▶ The records:
++++++

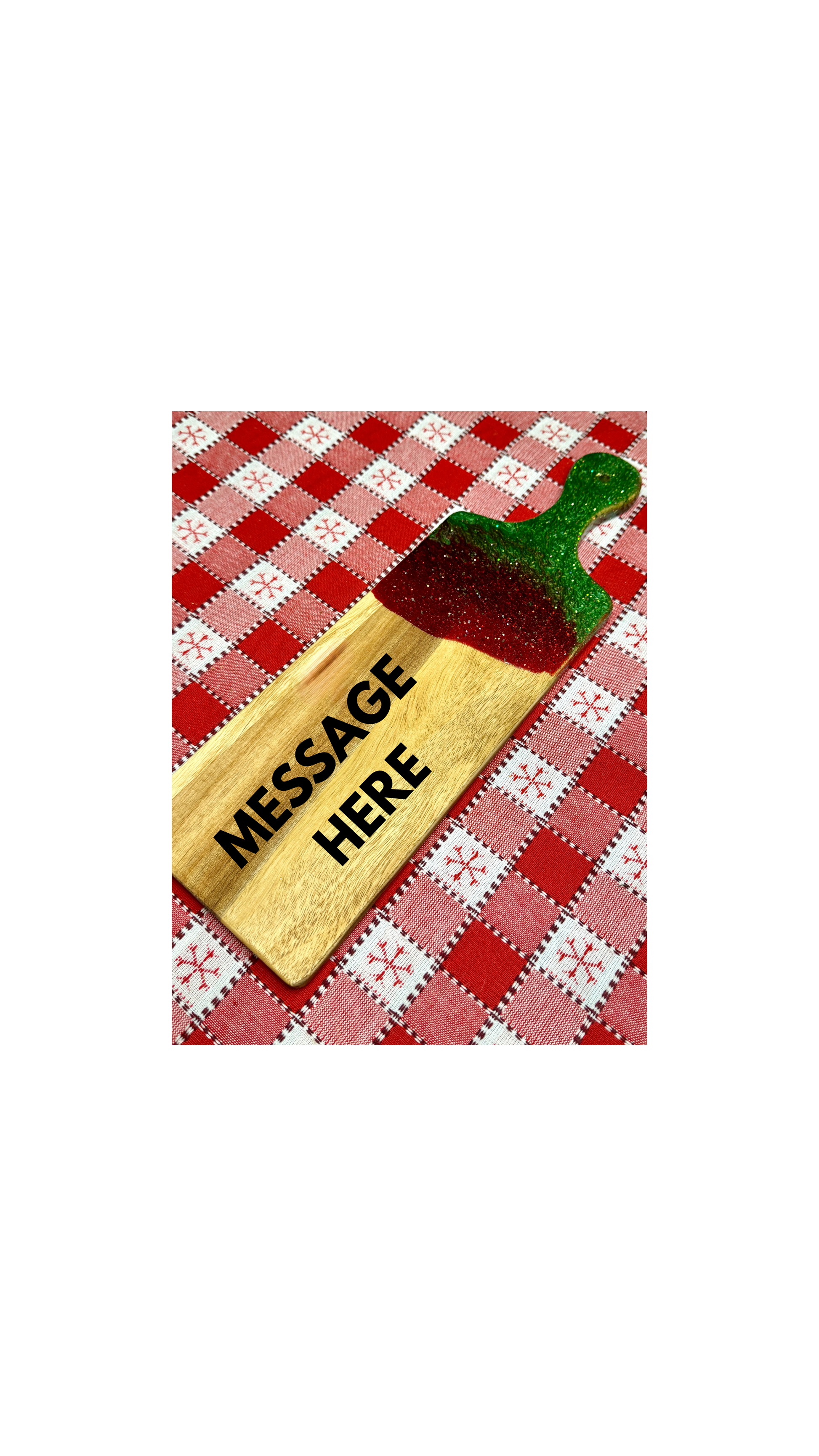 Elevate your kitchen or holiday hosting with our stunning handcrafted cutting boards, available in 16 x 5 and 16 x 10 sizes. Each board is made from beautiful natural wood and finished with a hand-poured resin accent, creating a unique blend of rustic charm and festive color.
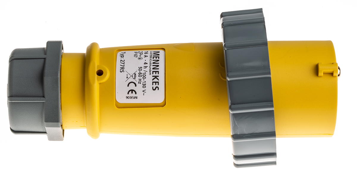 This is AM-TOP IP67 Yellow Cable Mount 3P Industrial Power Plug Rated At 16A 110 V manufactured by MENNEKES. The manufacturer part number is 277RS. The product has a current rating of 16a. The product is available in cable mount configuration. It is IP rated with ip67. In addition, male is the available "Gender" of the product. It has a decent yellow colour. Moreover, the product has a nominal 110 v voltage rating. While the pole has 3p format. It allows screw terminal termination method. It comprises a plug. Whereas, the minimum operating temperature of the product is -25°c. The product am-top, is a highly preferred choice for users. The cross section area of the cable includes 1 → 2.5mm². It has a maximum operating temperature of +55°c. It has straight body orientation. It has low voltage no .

++++++

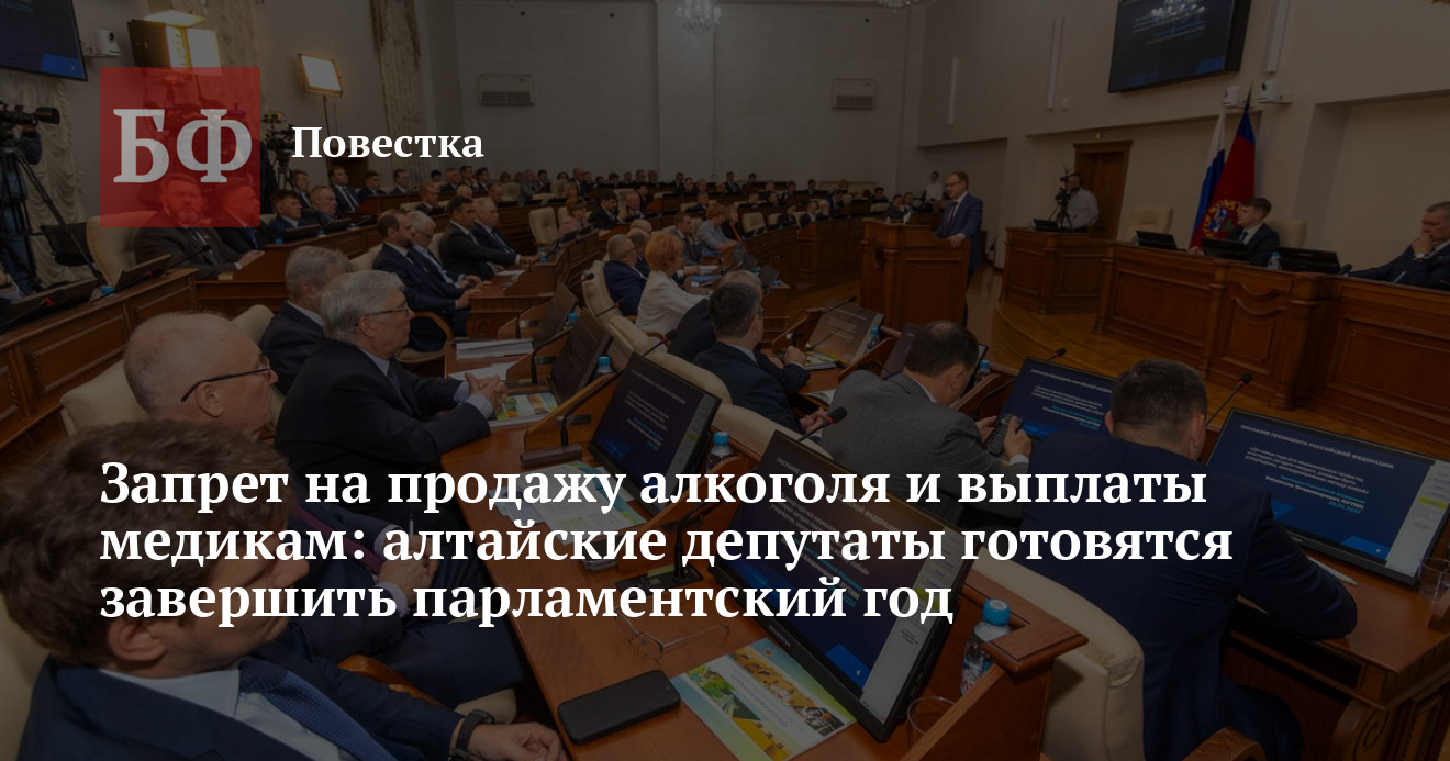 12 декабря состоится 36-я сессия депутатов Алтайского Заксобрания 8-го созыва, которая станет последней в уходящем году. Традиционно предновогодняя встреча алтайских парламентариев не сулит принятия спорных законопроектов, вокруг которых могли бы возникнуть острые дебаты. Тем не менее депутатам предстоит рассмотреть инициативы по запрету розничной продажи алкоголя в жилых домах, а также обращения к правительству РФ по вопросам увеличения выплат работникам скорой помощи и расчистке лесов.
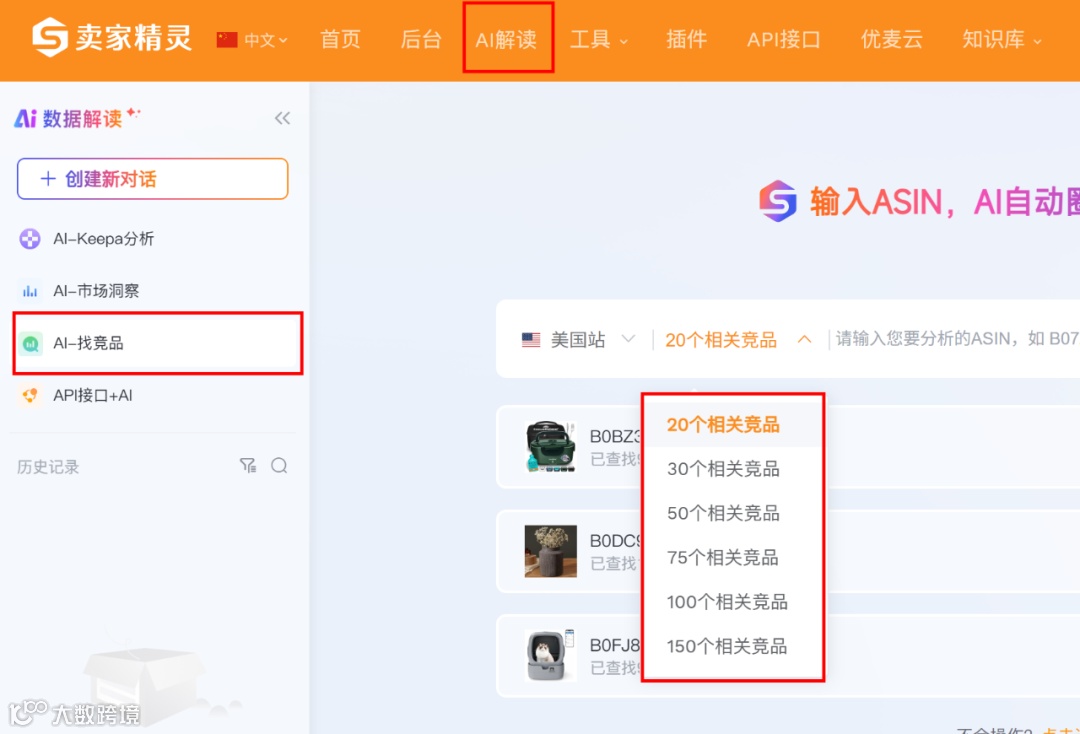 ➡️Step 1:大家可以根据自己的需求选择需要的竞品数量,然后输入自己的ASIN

++++++

▶ Goal of the exercise:
In the listing above, find the line with "Elevate your kitchen" and output every line through the one with "This is AM-TOP", exactly, without the pictures.

▶ Response area:
 Elevate your kitchen or holiday hosting with our stunning handcrafted cutting boards, available in 16 x 5 and 16 x 10 sizes. Each board is made from beautiful natural wood and finished with a hand-poured resin accent, creating a unique blend of rustic charm and festive color.
 This is AM-TOP IP67 Yellow Cable Mount 3P Industrial Power Plug Rated At 16A 110 V manufactured by MENNEKES. The manufacturer part number is 277RS. The product has a current rating of 16a. The product is available in cable mount configuration. It is IP rated with ip67. In addition, male is the available "Gender" of the product. It has a decent yellow colour. Moreover, the product has a nominal 110 v voltage rating. While the pole has 3p format. It allows screw terminal termination method. It comprises a plug. Whereas, the minimum operating temperature of the product is -25°c. The product am-top, is a highly preferred choice for users. The cross section area of the cable includes 1 → 2.5mm². It has a maximum operating temperature of +55°c. It has straight body orientation. It has low voltage no .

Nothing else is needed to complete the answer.